The reason, Akimenkov said, is that the caves in the Kandahar gorge are actually deep tunnels.

"In Soviet times, these caves could accommodate thousands of people, which rendered most of air raids meaningless," Akimenkov said. "The people sitting at the far end of such a cave would not even notice that you dropped a bomb that exploded at the entrance."

Only Special Forces teams could rout Bin Laden from such lairs, the veterans said. But that requires good local intelligence, including reliable informants.

Lisinenko worked firsthand with such intelligence--he has a degree in Persian languages and he was the reconnaissance unit's translator. Some informants were paid, others were not, he recalled. Either way, the information was mostly inaccurate.

"They would take our money and then lie," Lisinenko recalled.

Lisinenko said that to understand the Afghan mind-set, you have to set aside Western values.

He learned this his first day in Afghanistan when he entered a family's hut. The poverty was more than he could fathom. There was no furniture. No light. The only object inside was a copy of the Koran, tucked into an alcove.

"I asked an old man, 'Why do you live in such conditions? Don't you want to do something to improve your lot?' " Lisinenko said. "But the man replied, 'Don't you understand that the worse we live in this world, the better our lives will be in paradise? We don't want the same things in life that you want.' "

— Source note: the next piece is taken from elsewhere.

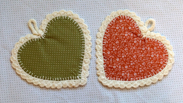 Все занимаюсь маминой кухней - обещала к Новому году сшить ей до комплект к прихватке бабочке. За один день сшились вот такие сердечки. Вообщем-то получились они чисто декоративные - для практического применения нужно было больше размер брать. Вокруг обвязала крючком - результат понравился, хочу по этому же принципу связать-сшить плед, осталось только тканюшки и ниточки прикупить, многоооооо....)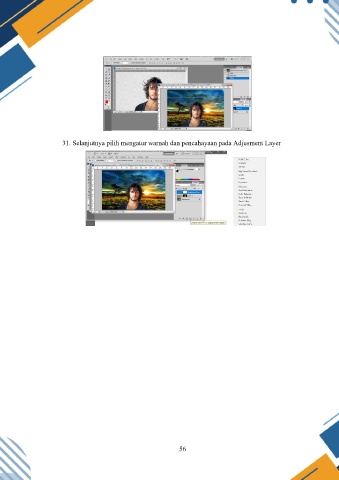 31. Selanjutnya pilih mengatur warnah dan pencahayaan pada Adjusment Layer 56

That's when Lisinenko said he began to understand that Western ideas of warfare might not succeed in Afghanistan. How do you battle a foe who has so little to protect in this world? A person who may believe a greater good will come from sacrificing himself, his home, his family? How do you vanquish an enemy for whom categories of defeat and victory, life and death do not match yours?

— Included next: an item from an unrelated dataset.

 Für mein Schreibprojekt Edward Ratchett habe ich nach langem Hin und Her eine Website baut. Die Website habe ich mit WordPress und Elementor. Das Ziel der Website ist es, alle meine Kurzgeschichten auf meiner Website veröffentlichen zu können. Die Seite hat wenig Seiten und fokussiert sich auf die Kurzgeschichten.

"Nothing we know works in their world," he said.

Lisinenko left Afghanistan two years later with a wounded leg and a shattered spirit. These days, the 39-year-old runs a tea bag company and represents a district of Moscow in Russia's lower house of parliament.

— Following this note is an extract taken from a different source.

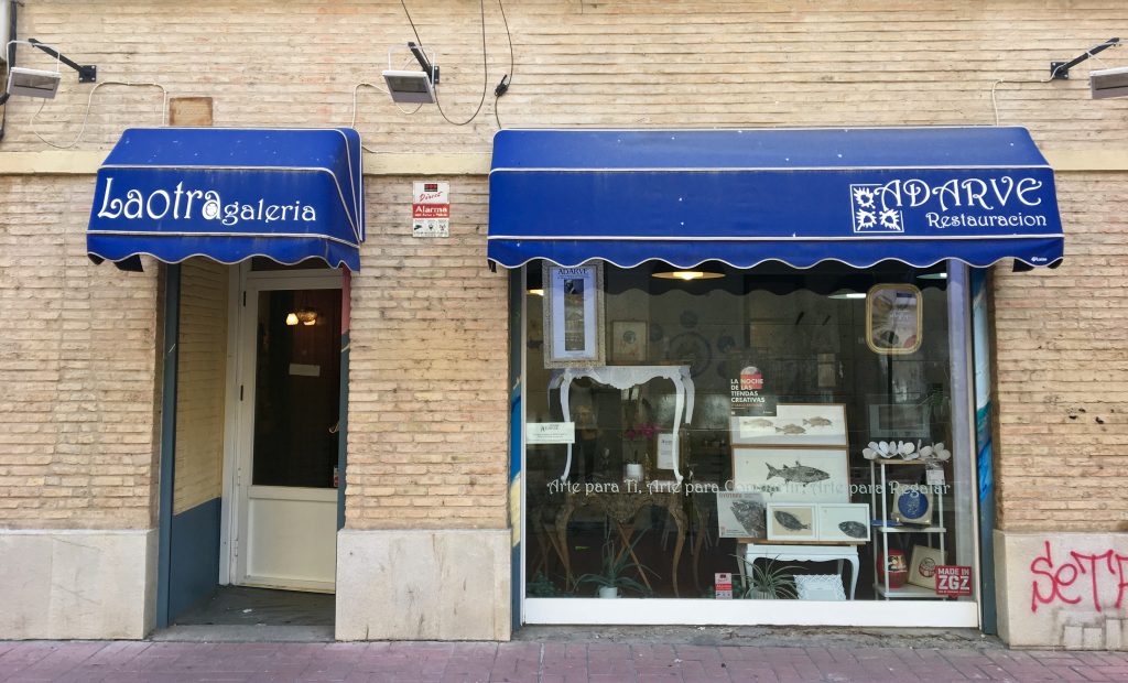 Por una parte, no tiene un rótulo o letrero en la fachada que le identifique, y por otra, los nombres que hay en los toldos pertenecen a “La Otra Galería”, una galería de arte que estaba en ese local antes de Fabiola y ya no está, y a “Adarve Restauración” la empresa de restauración con la que comparte el local.

The lesson they learned in Afghanistan, the veterans said, is that actions to stop terrorism more often have the opposite effect.

They urged the United States to accompany military action with economic aid and forswear a bombing campaign.

"The Afghans will stop fighting each other and join together to fight you," said Izmailov, former battalion commander. "You need courage, but not to drop bombs. What you need courage for is to not drop bombs. Otherwise, your war will be endless."

And though veterans of the Afghan conflict point out that the U.S. bought the bullets for the moujahedeen who killed their comrades, Lisinenko said most wouldn't wish an Afghan war on their worst enemy.

"Don't do it like we did. Don't do it like you did in Vietnam," he said. "Don't listen to me if you don't want. Listen to your own people, those who fought in Vietnam. . . . They'll tell you the same things."

Sergei Loiko and Alexei Kuznetsov of The Times' Moscow bureau contributed to this story.